[Hazelcast 3.1.5] Entry TTL became not relevant after shutdown/start Hazelcast nodes in cluster

404 views
Skip to first unread message

Vadim Yaremchuk

unread,
Jun 30, 2014, 2:56:52 PM6/30/14
to haze...@googlegroups.com
Hi All,

I am experiencing with following issue:

1. Start two Hazelcast nodes (NodeA and NodeB)
2. Create entry in NodeA with IMap.put(entryKey, entryValue, 100, TimeUnits.SECONDS);
3. Check that entry exist on NodeB by call IMap.get(key);
4. I am expecting that entry should be evicted after 100 seconds. 
5. During these 100 seconds I start to shutdown and then bring up nodes one by one (one node always available so entries are not lost):
- shutdown NodeA, wait till cluster re-partitioning is finished on NodeB (log messages: "Re-partitioning cluster data...", "Migration queue size: 135 All migration tasks has been completed, queues are empty")
- bring up back NodeA, wait till cluster re-partitioning is finished
shutdown NodeB, wait till cluster re-partitioning is finished
- bring up back NodeB, wait till cluster re-partitioning is finished
shutdown NodeA, wait till cluster re-partitioning
6. Check that 100 seconds was passed, check that entry on NodeB disappeared, but it is still present in Hazelcast.

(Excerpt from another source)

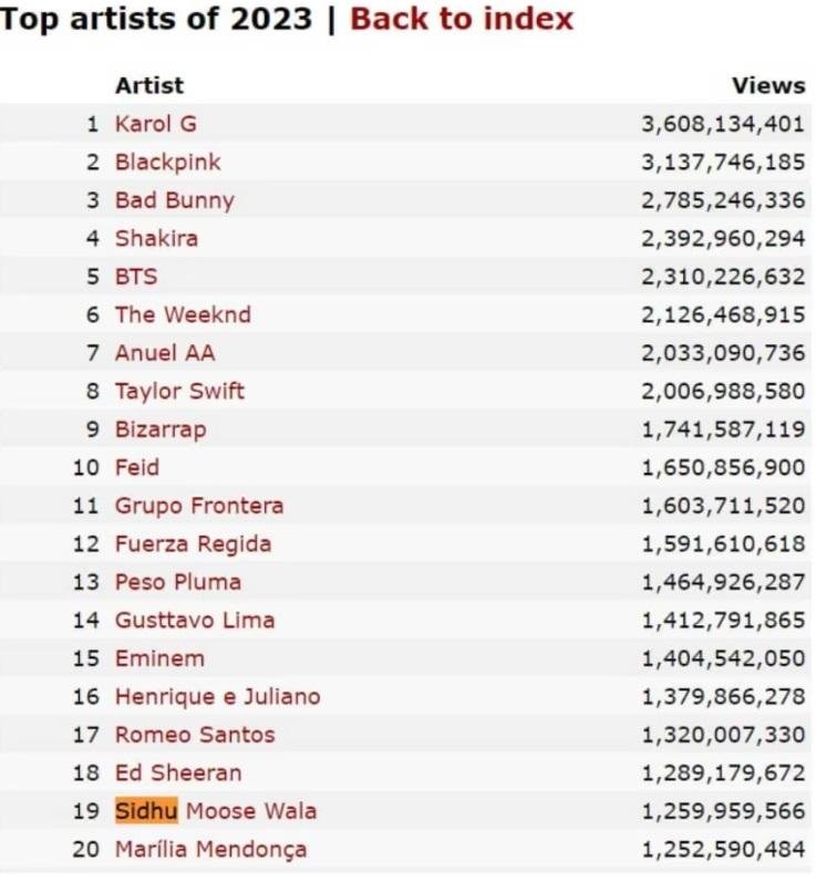 ਦੱਸ ਦਈਏ ਕਿ ਇਸ ਲਿਸਟ ‘ਚ ਸਿੱਧੂ ਮੂਸੇਵਾਲਾ ਨੂੰ 19ਵਾਂ ਰੈਂਕ ਦਿੱਤਾ ਗਿਆ ਹੈ। ਇਸ ਲਿਸਟ ‘ਚ ਕੋਲੰਬੀਅਨ ਗਾਇਕਾ ਕੈਰਲ ਜੀ, ਟੇਲਰ ਸਵਿਫਟ, ਸ਼ਕੀਰਾ ਤੇ ਬੀ. ਟੀ. ਐੱਸ. ਆਦਿ ਵਰਗੇ ਕਈ ਕਲਾਕਾਰਾਂ ਦੇ ਨਾਂ ਸ਼ਾਮਲ ਹਨ।

I can't constantly reproduce it, but the flow I described above giving high chance to replicate.

If there is no disturb to cluster nodes (shutdown/start) - entry is successfully evicted in TTL time.  

Is this known bug? Looks like it happens during data re-partition/migration inside the cluster and entry TTL became default one (suppose with value from <time-to-live-seconds> of hazelcast config)?

Thanks

Regads,
Vadym
Message has been deleted

Vadim Yaremchuk

unread,
Jul 1, 2014, 2:44:34 PM7/1/14
to haze...@googlegroups.com
I tried with the latest Hazelcast version 3.2.3 and see the same issue I described in my previous message.

Btw, I have filling that eviction time was extended not to <time-to-live-seconds> from hazelcast config but to original TTL which was provided during entry put. I think so because I set <time-to-live-seconds> to 400 secs, but entry was evicted after less than this time and more than TTL was provided during original entry put.

Can anybody help to resolve this?

Thanks.

Vadim Yaremchuk

unread,
Jul 8, 2014, 1:33:32 PM7/8/14
to haze...@googlegroups.com
Hi,

Issue is not reproducible with version 3.3-RC1

Daniel Neugebauer

unread,
Jul 21, 2014, 12:40:03 PM7/21/14
to haze...@googlegroups.com
Hi!

I seem to have got a similar problem running 3.2.3 but with max-idle instead of an explicit TTL. max-idle is set to 300 seconds but last access time can go much higher (multiple hours) and the map entry still isn't cleared. I tried to reproduce that locally by rebooting nodes the same way Vadim did but the issue seems to only apply to our production environment. The only difference in configuration is that we don't use multicast but directly configured TCP connections, all other parameters are the same.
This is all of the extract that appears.